Print the lines below word for word, beginning with the first and ending with the line that holds "3月5日(金)、2年生の図画工作の授業の様子です。紙版画を制作していました。", and skip every picture.

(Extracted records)

━━━━━━━━━━━━━━━━

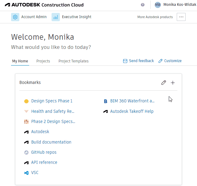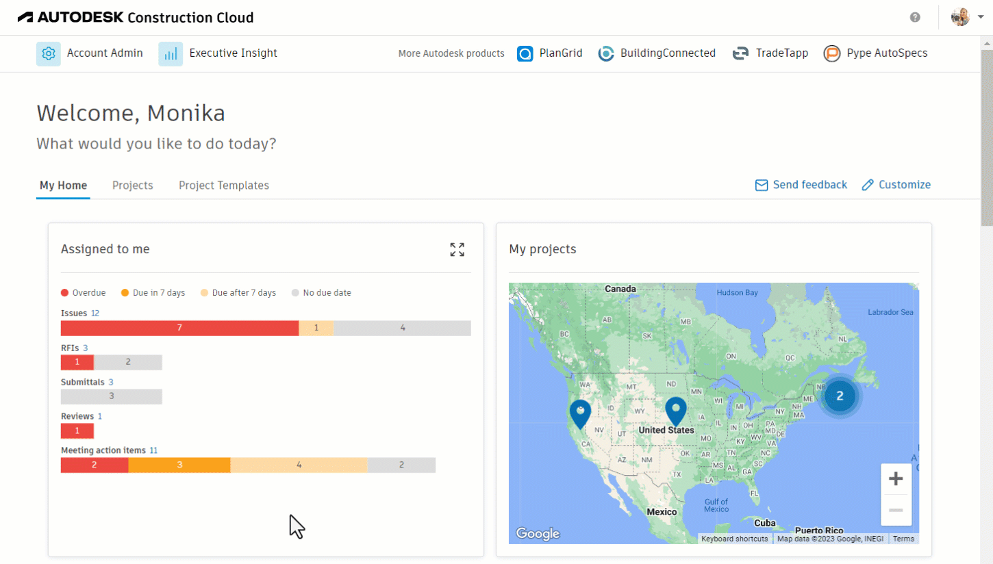 My Projects card shows all the Autodesk Construction Cloud™ projects that you have access to.
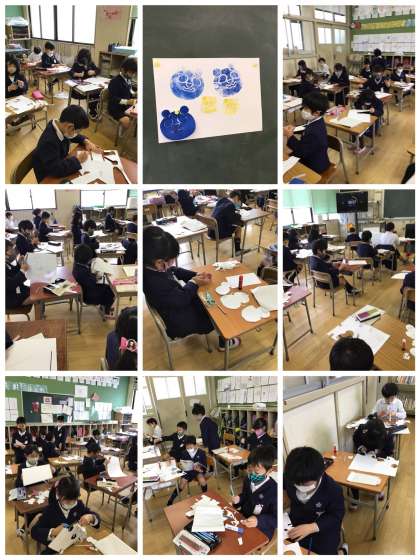3月5日(金)、2年生の図画工作の授業の様子です。紙版画を制作していました。
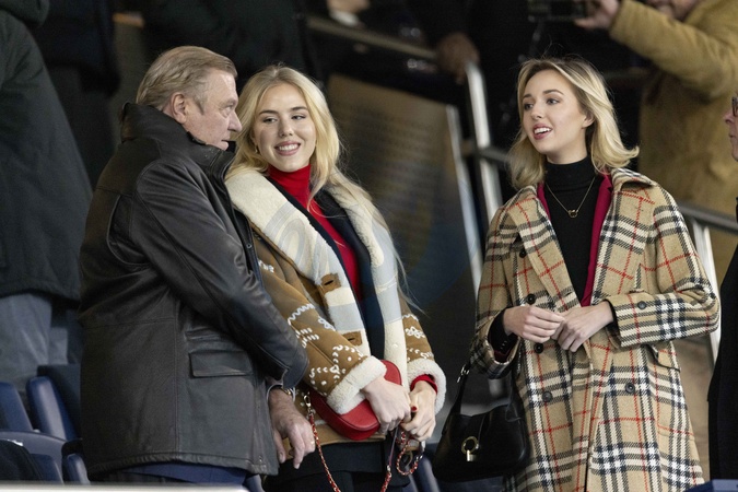 Charles de Bourbon des Deux-Siciles, Maria-Chiara de Bourbon des deux Siciles et Maria-Carolina de Bourbon des deux Siciles dans les tribunes lors du match de Ligue 1 Uber Eats "PSG - Monaco (5-2)" au Parc Des Princes, le 24 novembre 2023. © Cyril Moreau/Bestimage Celebrities in the stands during the match of Ligue 1 Uber Eats "PSG - Monaco (5-2)" at the Parc des Princes. Paris, November 24th, 2023.
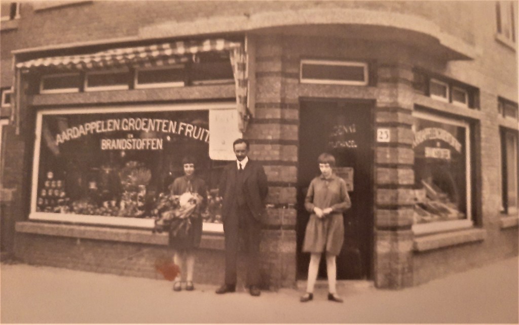 Jozef van Genk met zijn twee oudste dochters voor zijn winkel in Voorburg, 1927. Links Leny, rechts Tiny (archief Marijke Bijmans)
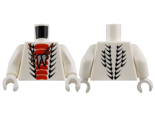 Torso Ninjago Snake with Red and Black Scales Thin, Light Bluish Gray Animal Tooth / Claw Necklace Pattern / White Arms / White Hands
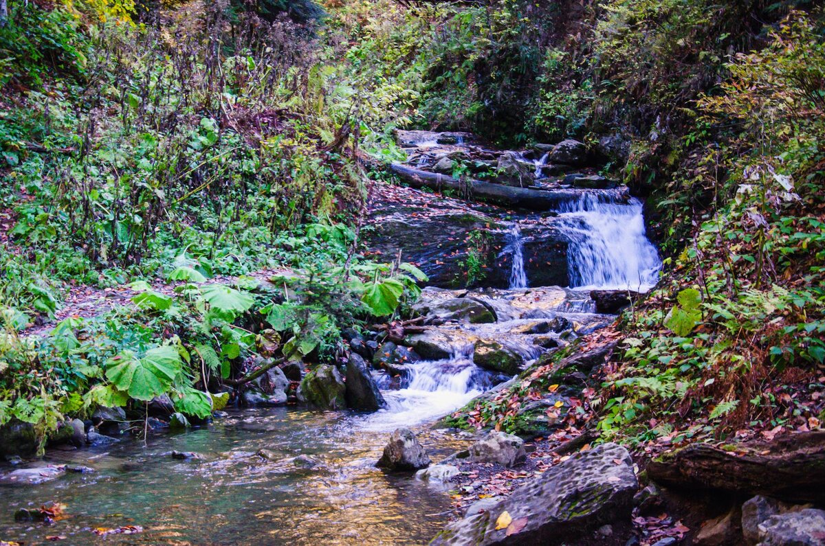 Тропа к водопадам Менделихи Если немного прогуляться от Розы Пик до канатной дороги Эдельвейс, и спуститься на ней вниз, то можете оказаться у самой границы с Абхазией. Здесь можно прогуляться и посмотреть на красивые водопады реки Менделиха. К Дмитрию Менделееву название не имеет никакого отношения, как и к основателю учения о наследственности генетику Грегору Менделю. Легенда гласит, что староста этих мест Борис Мендель, заметил как военные перевозили золотые монеты. Мендель это заметил, за что поплатился жизнью. Так офицер посчитал, что дед расскажет об увиденном и их ограбят разбойники. Убийство произошло недалеко от речки, которая и получила название Менделиха. Вернусь к парку водопадов «Менделиха». Парк находится на южном склоне хребта Аибга на высоте 1470 м. В парке 7 водопадов, и он условно поделен на три маршрута: Малое, Среднее и Большое кольцо. Среднее и Большое кольцо закрыты для посещения до следующего года. Малое кольцо ведет вверх от нижней станции канатной дороги,
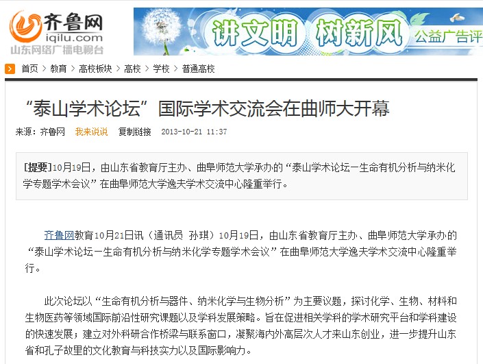 上一篇:山东教育电视台:“泰山学术论坛——生命有机分析与纳米化学专题”国际学术交流会在曲阜师大举行
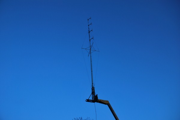 Kleine man heeft er een kruis in gemaakt,en het opzetten was nu goed te doen de mast samen met verrijker brachten de bovenste antenne op 35 meter hoogte.
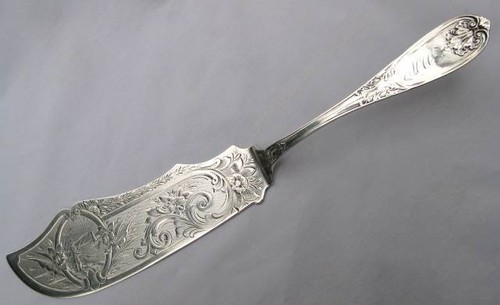 Goldsmith Early American Ornate Scenic Coin Silver Fish Slice Server Knife 1867
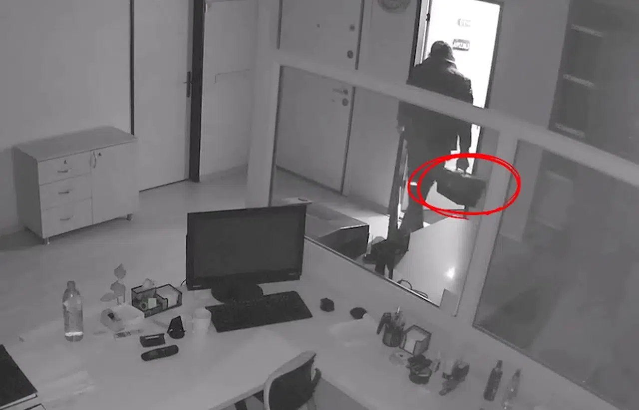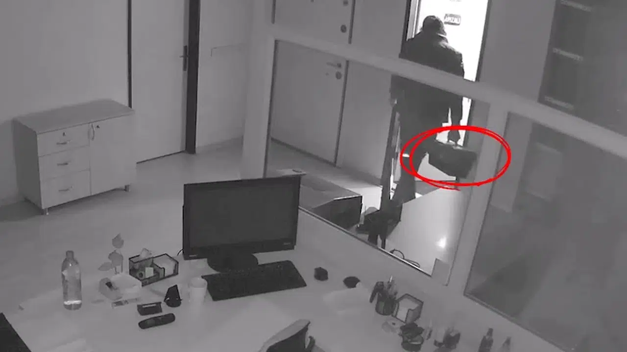 Öte yandan; hırsızlık güvenlik kamerasına yansıdı. Görüntülerde, şüphelinin ofise girmesi, ardından önce çelik kasayı daha sonra da kasayı açmak için alet kutusunu alması yer alıyor. (DHA)

━━━━━━━━━━━━━━━━

**Written solution**
 My Projects card shows all the Autodesk Construction Cloud™ projects that you have access to.
3月5日(金)、2年生の図画工作の授業の様子です。紙版画を制作していました。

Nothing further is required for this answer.